Investigating the health of cells is a foundational aspect of biological research and medicine. Examining cell health helps scientists understand basic biological processes, disease progression, and treatment effects. It also allows researchers to assess the impact of experimental conditions, ensuring reliable results. This provides insight into normal cell function and what goes wrong in disease, guiding new therapies.
Understanding Cell Damage
Cytotoxicity refers to the property of a substance causing damage or death to cells. Damage can include loss of membrane integrity, halted growth, or programmed cell death. Cytotoxic agents, such as certain chemicals, drugs, or environmental pollutants, can disrupt cellular processes, leading to these detrimental effects.

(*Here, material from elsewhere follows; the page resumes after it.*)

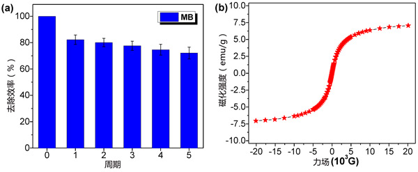 首先,研究了活性炭含量對(duì)磁性吸附劑吸附能力的影響。為了比較,活性炭的吸附容量也在相同條件下確定。在較高的初始染料濃度(5.0mM)下,磁性活性炭對(duì)MB和MO的飽和吸附能力明顯增加,隨著活性炭含量的增加。但是對(duì)于實(shí)際的吸附應(yīng)用,非常需要具有良好可重復(fù)使用性的吸附劑。我們通過使用乙醇作為洗脫劑來(lái)評(píng)估吸附MB的磁性活性炭的可重復(fù)使用性。如圖3a所示,解吸的磁性活性炭的去除效率隨著重復(fù)使用次數(shù)的增加而降低。與原來(lái)的去除效率相比,經(jīng)過5個(gè)解吸-吸附循環(huán)后,去除效率保持在72.1%左右。盡管如此,再生的活性炭的吸附能力仍然比較高,高于傳統(tǒng)的磁性吸附劑。此外,即使經(jīng)過5次再生吸附循環(huán)后,磁性活性炭仍表現(xiàn)出與新制備的相似的飽和磁化強(qiáng)度值(圖3b),表明這次的新型吸附劑具有良好的結(jié)構(gòu)穩(wěn)定性。

Lactate Dehydrogenase (LDH) is a stable enzyme located within the cytoplasm of nearly all living cells. Under healthy conditions, LDH remains confined inside the cell. However, when the cell membrane is damaged due to injury or cell death, LDH leaks into the extracellular environment (e.g., cell culture medium). The amount of released LDH indicates cell membrane integrity loss and cell damage.
How the Assay Works
The LDH cytotoxicity assay quantifies the amount of LDH released from damaged cells into the cell culture medium. The underlying principle involves an enzymatic reaction catalyzed by the leaked LDH. Specifically, LDH converts lactate into pyruvate, reducing nicotinamide adenine dinucleotide (NAD+) to NADH.
The newly formed NADH then participates in a second coupled reaction, reducing a tetrazolium salt into a colored product called formazan. The intensity of this color is directly proportional to the amount of LDH in the sample, correlating with the number of damaged or lysed cells. This color change is measured using a spectrophotometer, usually at 490 nm or 500 nm.
The general steps involve culturing cells and treating them with the substance or condition being investigated. After incubation, the supernatant is collected. Specific assay reagents are then added to this supernatant, initiating the enzymatic color-producing reaction. Finally, the color intensity is measured using a spectrophotometer to determine the level of cell damage.
Applications and Practical Considerations
The LDH cytotoxicity assay is a widely used tool in various scientific fields due to its straightforward nature and reliable results. It screens potential drug candidates for toxic effects on cells. The assay also assesses the toxicity of environmental pollutants on biological systems, providing data for safety evaluations.
In cancer research, the LDH assay evaluates anti-cancer therapies by measuring cancer cell death in response to treatment. It also serves as a general method for studying cell health, offering insights into cellular responses to various stimuli. The assay is compatible with both adherent cells and cells in suspension, making it versatile for different experimental setups.
Practical considerations are important for accurate interpretation of LDH assay results. While the assay is simple, fast, and non-radioactive, it primarily measures cell membrane integrity loss. It does not distinguish between different mechanisms of cell death.
The presence of serum in cell culture media can also contribute to background signals, as serum contains some LDH activity. To mitigate this, researchers use minimal serum concentrations or include appropriate controls. Proper controls are crucial for calculating accurate cytotoxicity percentages.